Çünkü Madde 1341 (3)’üncü fıkrasında, “Bu maddenin uygulanmasında kılavuz terimi, gemide veya herhangi başka bir yerden gemiye kılavuzluk hizmeti veren kişiyi veya kişileri ve bu kişi veya kişilerin fiillerinden sorumlu olan bütün gerçek ve tüzel kişileri kapsar” demektedir.

Biraz sonra açıklamaya çalışacağımız gibi, bu tanım ile bugüne kadar dünyada ve Türkiye’de bilinen ve kullanılıp uygulanan “kılavuz kaptan” ve “kılavuzluk hizmeti” tanımları tam anlamıyla altüst  edilmiştir.

Kanun yürürlüğe girmeden, (nasıl yapılır bilemem) bu yanlışlar mutlaka düzeltilmelidir. Bu yapılmadığında çok büyük problemler ve hukuki sorunlar oluşacaktır.

Çünkü birçok kitapta, ansiklopedide ve bir olay nedeniyle ABD Yüksek Mahkemesi’nin (Oregon Supreme Court) bir kararında da açıkça belirtildiği üzere kılavuzluk hizmeti ancak ve ancak bir gemide verilebilir.

Bir başka deyişle,  bir kılavuz kaptan yalnızca üzerinde olduğu gemiye kılavuzluk hizmeti verebilir.

Bir kılavuz kaptan bulunduğu gemiden başka bir gemiye kılavuzluk hizmeti veremez. Yine aynı biçimde, bir kılavuz kaptan, “kılavuz motorundan”, “kılavuzluk istasyonundan”, “karadaki herhangi bir yerden”, “Gemi Trafik Hizmetleri İstasyonu’ndan” da “kılavuzluk hizmeti” veremez.
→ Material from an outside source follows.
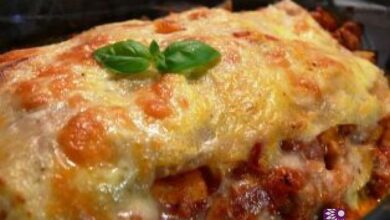 لزانيا الدجاج بالقشدة في وجبة شهية
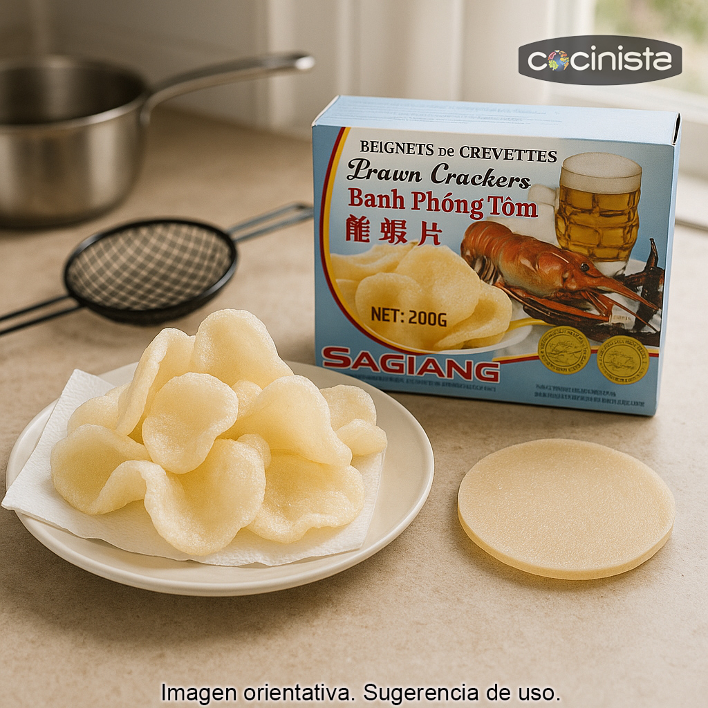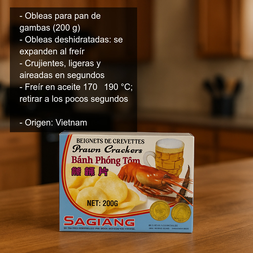 Estas obleas para pan de gambas (200 g) son el ingrediente imprescindible para preparar en casa el clásico pan de gambas crujiente que se sirve en muchos restaurantes asiáticos. Son obleas deshidratadas que, al contacto con aceite muy caliente, se expanden en segundos y quedan ligeras, aireadas y muy crujientes.

Bir kılavuz kaptan ya da GTH operatörü, herhangi bir gemiye, o geminin dışındaki herhangi bir yerden ancak ve ancak vereceği bilgi (information), tavsiye (advice), uyarı (warning) ve talimatlar (instruction) ile (ki talimatlar yalnızca mevzuatı hatırlatma şeklinde olmalıdır),  Navigasyon yardımı hizmetiverebilir ve bunun adı ise “kılavuzluk hizmeti” ya da “kılavuzluk” değildir.

Değişik kitaplarda, yapılan bazı tanımlara göz atarsak, hepsinde kılavuz kaptanın “gemiye alınan uzman kişi” olduğunu görürüz ve günümüzdeki tüm teknolojik ilerleme ve gelişimlere karşın bu gerçek değişmemiştir. İşte birkaç örnek:

Ø  İngiltere’de 1894 yılında yayınlanan Merchant Shipping Act, kılavuz kaptanı şöyle tanımlamıştır: “Gemi personeli olmayıp gemiyi yöneten kişiye kılavuz kaptan denir”. Görüldüğü gibi, 1894 yılında yapılan tanımda bile, kılavuz kaptanın gemiye alındığı ancak gemi personeli olmadığı belirtilmektedir.

Ø  “Encyclopedia Britannica (11. baskı)’ya göre: Kılavuz kaptan adı, bir gemiyi, bir ırmakta, suyolunda ya da geçitte ya da bir limana giriş ya da çıkışta yönetme amacıyla belirli bir yerde gemiye alınan bir kişiye verilir.”

Ø  THE APPRENTICE AND HIS SHIP adlı kitabın 278’inci sayfasında şöyle denmektedir: “Bir gemi, limanda demirlemeye, şamandıraya bağlamaya, rıhtıma yanaşmaya ya da limandan denize çıkmaya hazırlanırken, normal olarak ehliyetli ve deneyimli bir kılavuz kaptana teslim edilir. Gemi kaptanının ve zabitlerinin yeterince bilmediği sularda, belirli liman ve iskeleler hakkında özel bilgilerle donatılmış kılavuz kaptan orası için gemiyi kullanma işini yapacak en uygun kişidir” (gemi kullanma işinin ancak gemide yapılabileceğini açıklamaya gerek yoktur).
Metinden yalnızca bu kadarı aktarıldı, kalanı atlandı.